Glad to hear you have resolved the issue. Thank you for letting me know.
I am having the same problem on the pplacer step, as I am trying to place around 5000 dereplicated MAGs into the tree. My latest job ran out of memory on a 2TB RAM server. report from SGE qacct: maxvmem 1941.981G. I am using 0.1.6.
The log file ends with
[2019-02-07 21:27:00] INFO: GTDB-Tk v0.1.6
[2019-02-07 21:27:00] INFO: gtdbtk classify --genome_dir
This is the content of pplacer.bac120.out: Running pplacer v1.1.alpha19-0-g807f6f3 analysis on gtdb_rug2_output/gtdb_rug2.bac120.user_msa.fasta... Didn't find any reference sequences in given alignment file. Using supplied reference alignment. WARNING: your tree has zero pendant branch lengths. This can lead to zero likelihood values which will keep you from being able to place sequences. You can remove identical sequences with seqmagick. Pre-masking sequences... sequence length cut from 5035 to 5035. Warning: pplacer results make the most sense when the given tree is multifurcating at the root. See manual for details. Determining figs... figs disabled. Allocating memory for internal nodes... done. Caching likelihood information on reference tree... done. Pulling exponents... done. Preparing the edges for baseball... done.

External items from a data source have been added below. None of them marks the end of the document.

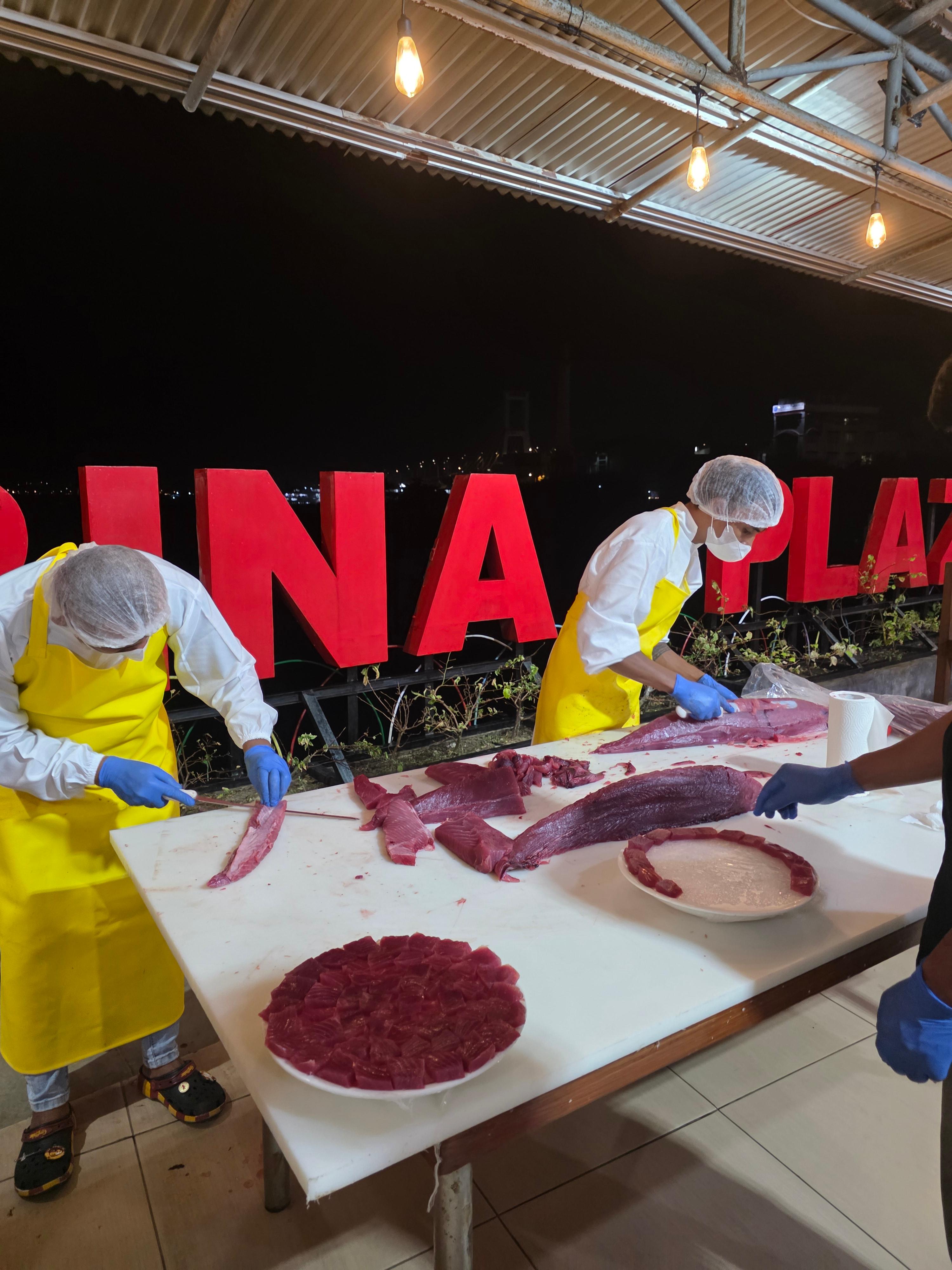 (참고) 이날 참치 해체 쇼를 관람하고 요리를 즐길 수 있었던 것은, 동행자 중 한명이 적지 않은 비용을 들여 참치 한 마리를 직접 구매해 준비한 덕분입니다. 일반 여행자에게 기본으로 제공되는 코스는 아니니, 오해가 없으시기 바랍니다.
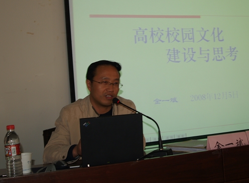 “文化是轻灵的,但你可以用呼吸来感受它。文化是厚重的,你却只能用时间称量它。”第二场讲座由金一斌副书记主讲,他分析了先进文化对高校的要求;高校校园文化建设面临的挑战;社会、企业、报纸、高校等各类文化的魅力;还具体讲解了高校校园文化建设案例。
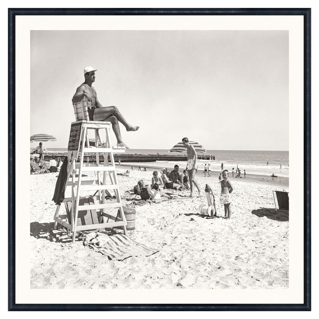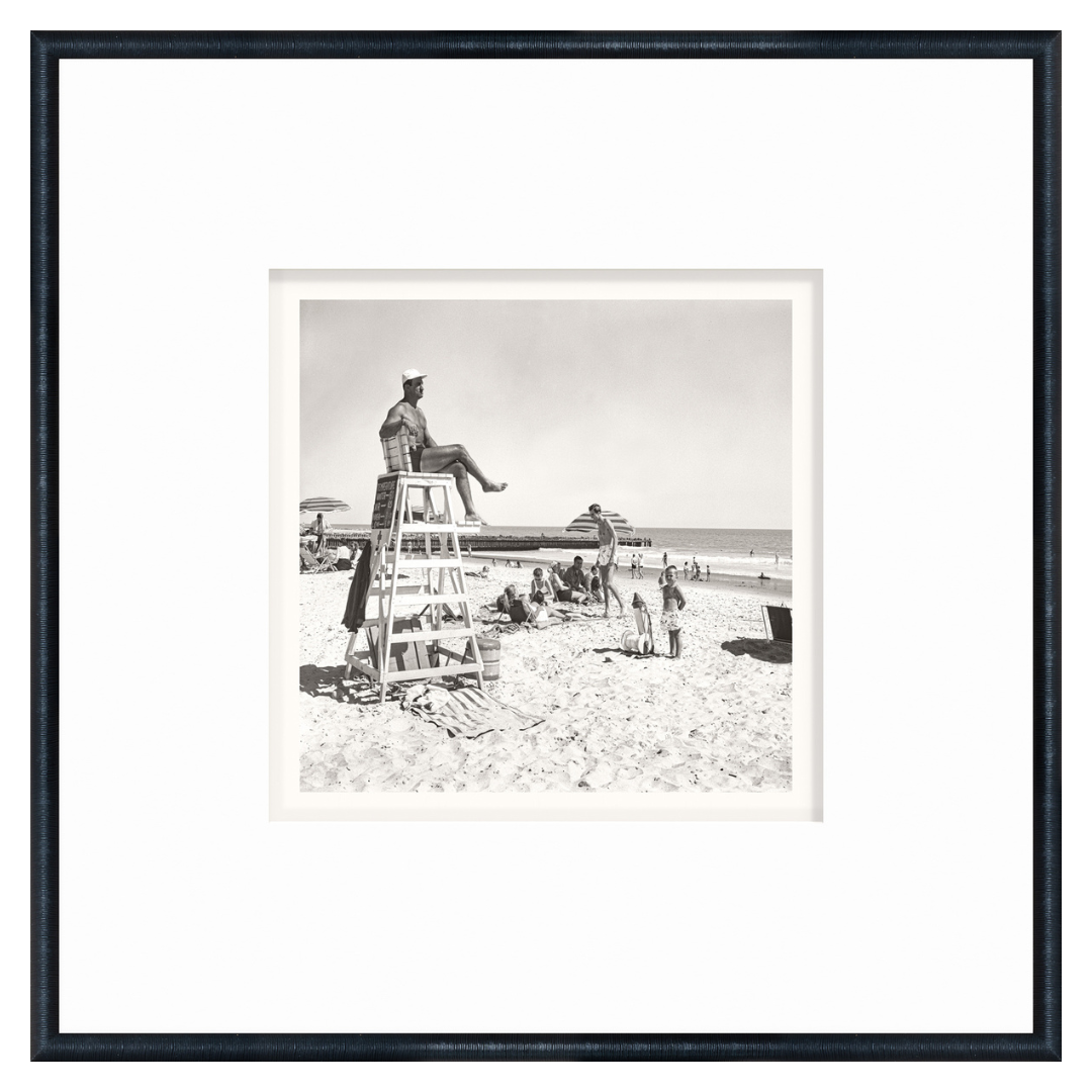 Idealized nostalgia, captured in black and white photography from the mid 20th century. Framed in a black moulding with a linear texture.
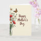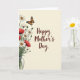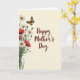 Designed with a calm spring look, the card shows a clear glass vase on the left holding a full bouquet of white daisies with sunny yellow centers beside deep red poppies with soft, velvety petals. The flowers lean gently toward each other, like close friends sharing the same space, and the mix of light and dark blooms creates a tender, romantic contrast ❤️. Above the bouquet, a single butterfly with orange-and-black patterned wings hovers as if pausing mid-dance. The background stays light and airy, letting the natural shapes and soft watercolor shading stand out without feeling busy. On the right side, the words “Happy Mother’s Day” sit centered and slightly above mid-height in flowing deep maroon lettering. The text is spaced with plenty of breathing room, balancing the weight of the bouquet on the opposite side. Fine line details trace the petals, stems, and vase rim, with a few pale green leaves tucked between the blooms 🌼.
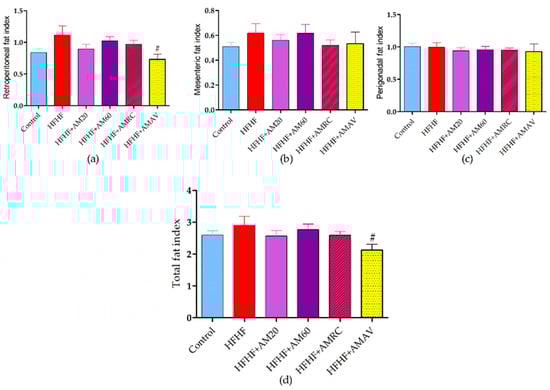 Retroperitoneal (a), mesenteric (b), perigonadal (c), and total fat (d) indices in rats fed a high-fat high-fructose (HFHF) diet and treated with Aronia melanocarpa fruit juices produced at 20 °C (AM20) and at 60 °C (AM60) and Aronia melanocarpa fruit juices enriched with Rosa canina (AMRC) and Alchemilla vulgaris (AMAV); # p < 0.05 vs. HFHF group.
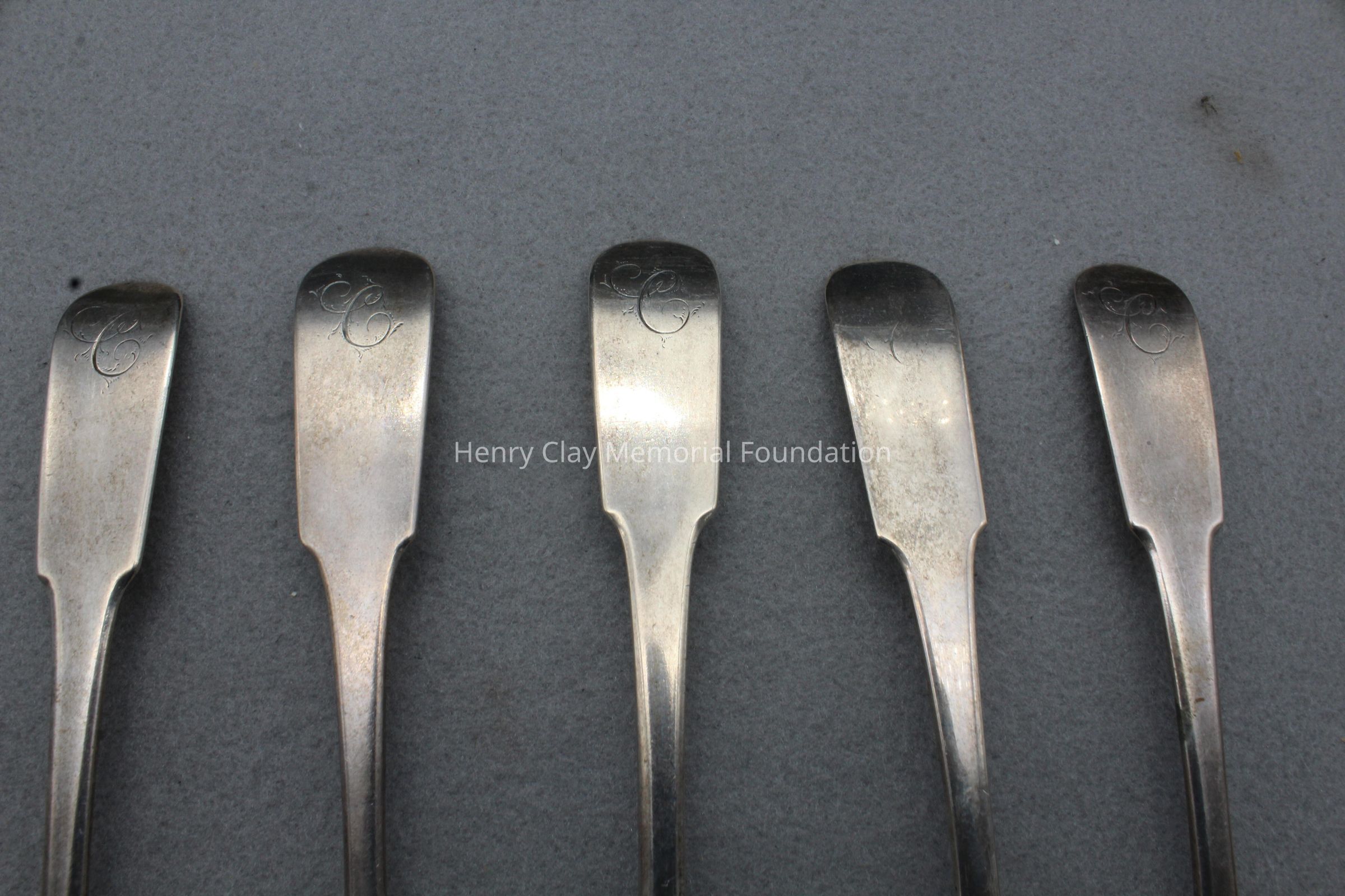 Set of five coin silver dinner forks. Each has 4 tines and a rounded rectangualr end monogrrammed with the letter "C". Each has the CA Burnett maker's mark on the reverse.Dimensions

Hello. I'm not sure why the memory requirements are so high. We have placed ~10,000 MAGs with GTDB-Tk and have not observed this level of memory requirement. We use a 256 GB machine. Are all your MAGs of a size typical for prokaryotes? Perhaps the high memory requirement is due to an extremely large bin?
Hi Donovan, Thanks for the reply. Our largest bin is 6.5M and all others are 6M or less. These are all good quality MAGs according to checkm (>80% complete, <10% contamination), and have been dereplicated using dRep.
Is it possible pplacer goes crazy on memory usage when it has a lot of threads?
I typically run GTDB-Tk with 64 CPUs and haven't had memory issues. As a sanity check, I'd try running GTDB-Tk with a single MAG using a single CPU.
Reality check with one 2M MAG on one core with 256G RAM. Required 68G RAM for 'Allocating memory for internal nodes'. 83G during 'Caching likelihood information on reference tree', through to 'Preparing the edges for baseball'. Up to 162G to the end of pplacer. maxvmem 162.746G to completion. gtdb_test.bac120.summary.tsv present and populated with data, but this did take a lot of RAM for one small MAG.
For further information, I originally installed using the bioconda recipe, but hit this bug https://github.com/Ecogenomics/GTDBTk/issues/83 and so updated to 0.1.6 as follows: pip install gtdbtk -U EDIT to add - I am reinstalling from the latest bioconda recipe as I see it has updated to 0.1.6. Will run again on the same MAG to compare.
Hello. This is what I would expect. The memory usage for pplacer is related to loading the GTDB-Tk reference tree into memory. I do not expect that this should increase substantially with each MAG. If you are able to test this I would appreciate it. I have not explored this formally, but as I indicated I have run >10,000 MAGs through GTDB-Tk on a machine with only 256 GB.
Hello. A clean bioconda install of 0.1.6 produced the same result with the same memory requirement as above. Adding a second MAG bumped the maxvmem to 190G (with --debug).
-With 50 MAGs (48 BAC, 2 ARCH), on one core, maxvmem in 'Preparing the edges for baseball' was 104G. This jumped to 205G in the Working on
-Ran the same 50 genomes with 16 cores. This one ran out of memory (>512G) at Preparing the edges for baseball... done (as on my initial run).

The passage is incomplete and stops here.